Showing posts with label trips. Show all posts
Showing posts with label trips. Show all posts

Thursday, May 5, 2011

What a nice young man. . .


Dottie, the people I rode with (all but the old man) were wonderful to me, and I can’t see why they should have showed so much interest in me. What is harder to understand is why so many of them went out of their way to help me. I told no hard luck stories, and I tried not to look like a subject of charity. I took extra clothes along and changed in Oklahoma City. It has me puzzled. The man in Oklahoma City requested that I write him as soon as I reached home.

This is probably Lewis's graduation picture.
I'd stop and pick him up too
So Lewis mused toward the end of this first letter. I suspect he knew some of the answers, I certainly do, and Dottie surely did as well.
           
            Imagine the side of the busy highways of 1933 in the teeth of the Depression. Hitchhikers everywhere. Even if a kind-hearted driver wanted to give a ride, how to decide? How about a nicely dressed young man, white shirt, probably no tie, but I’ll bet one was in his pocket, a straw fedora shading his squinting eyes, his suit jacket tucked under one arm, carrying a beat-up suitcase and striding briskly toward his destination. (I’m partly imaging this and partly drawing on family lore.) Compared to the guys sitting on their suitcases and more than a little in need of a bath, whom would you chose to spend a couple of hours with?


Daddy never picked up a hitchhiker when Mother, my sister and I traveled with him.
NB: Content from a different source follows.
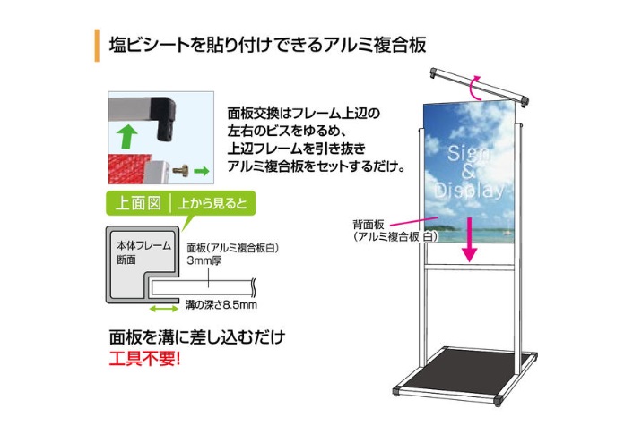 ・小スペースでも設置できるインクジェットシートを貼り付けて使用する直立型スタンド

I suspect he did when he drove alone across the state, which was often. He did, however, often remark about them.
            “That fellow ought to get moving, nobody wants to pick up a lazy fellow,” he’d say as we passed a man sitting on his suitcase. Or, “Looks like he’d know he can get a shower at the YMCA.” Not only was he remembering his own journey; he knew what worked.

I’ve never picked up a hitchhiker, and given my ripe years, probably I won’t. My daughter confided (hope I’ve got this right, Katy) that she did once when she was driving back to college. She then spent the entire ride listening to a lecture on why she shouldn’t pick up strangers.
            Although  I’ve never picked up a hitchhiker, I’m convinced that I should return the favor to the “man from Oklahoma City” and the rest of those good souls who helped Lewis get home and start his life (and, of course, mine). It’s not the same, but here’s what I do—partly for Lewis and partly because I’m flat tenderhearted. I keep dollar bills in the outside pocket of my purse and in the console of the Jeep. We live in Houston, where times are hard and lots of folks are down-and-out. If I see, and I often see, a fellow or gal on a corner or perched on the sidewalk by a store looking hungry—don’t lecture me—I give them a couple of bucks.  I don’t need to know why their luck is out, I simply know that even the best of folks can hit hard times and need a helping hand.
            

Monday, April 25, 2011

Back Home Again in Cottonwood




Lewis must have hoped for no more excitement after the T Model Ford pickup and the old man. His wish came true. He even had a little fun.
            It felt good to be within a few miles of Texas. No sooner did he get back to the highway, than a Dodge roadster pulled up and threw the door open. The car was pretty full. A couple sat in the front seat with their son. Lewis perched on a jump seat behind. The rest of the back of the car was full—full of home brewed beer. The family was generous. Not only did they share their sandwiches, but they also absolutely insisted that he have a beer. He complied, wanting “to be congenial.”
The end of a journey--Texas State Line to the farm near Cottonwood
            Must not have been too much beer drinking going on, because they reached Ft. Worth at 10:50. Now Lewis faced another dilemma. Where, with almost no money, would he spend the night? At the bus station he learned that for $2.25 he could ride the overnight bus to Putnam where his brother Clarence lived. He figured that was better for paying for a hotel and meals the next day, so on he hopped reaching Putnam at 5 AM on Sunday.
            [An aside about Clarence—then someday I’ll do a whole entry on him. Like Lewis following his heart to be a writer, Clarence yearned to be in law enforcement, and like Lewis, he got his dream. He was Sheriff of Callahan County (where Cottonwood is) and then a Texas Ranger.]
            Once in Putnam he was almost home. On Sunday afternoon, Clarence, whom Lewis always called “my bud,” and Lewis drove to the farm outside Cottonwood where he embraced his parents, met the new family pets, a young apparently nameless dog and two cats, J. Wellington Wimpy and Snowball. After supper (always supper on the farm) he finally got to go to bed, but he was up early the next morning to grab a pen (well, he probably helped with some farm chores first) and write this long first letter to Dottie. Then he could worry about tomorrow.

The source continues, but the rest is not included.